Oh damn... She is hot


----------



## DJ21 (Oct 10, 2013)

Damn...tight, very tight. I approve


----------



## goodfella (Oct 10, 2013)

She seems annoying, imo. Like one of those chicks that wants to always hang with the dudes...


----------



## hulksmash (Oct 11, 2013)

goodfella said:


> She seems annoying, imo. Like one of those chicks that wants to always hang with the dudes...



Hell yea, lol..so many "like" in her sentences

I got a big flame fest goin in a thread bout her at bb.com's Misc section after I asked about Anavar and she is she was all natty LOL

No tits, fake hair, round delts, manly looking...yea, all natty LOL

Good times

I just hate how she romanticizes bodybuilding (well like all bbers do lol) and how it's "like a lifestyle, ya know" 
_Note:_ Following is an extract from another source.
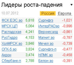 Также в течение дня наблюдался спрос на акции банков - ВТБ (+1,12%) и "Сбербанка" ("обычки" +0,9%, "префы" +2,79%). По мнению Ивана Фоменко, начальника отдела доверительного управления "Абсолют Банка", это свидетельствует о повышении доверия инвесторов к финансовому сектору в целом. "Думается, свою роль в этом сыграло решение о рекапитализации испанских банков", - отмечает эксперт.

[insert video with quotes about perserverance in front of breathless bbers lifting with opera/fight music] LOL


----------



## whitelml (Oct 11, 2013)

I want one.  But I cant help to think of the movie Kingpin when I see her hair.


----------



## SuperBane (Oct 11, 2013)

Yeah her training is great she puts in the work.... but she is over the top about being all "natty"
Not really supportive of those who fake something so obvious.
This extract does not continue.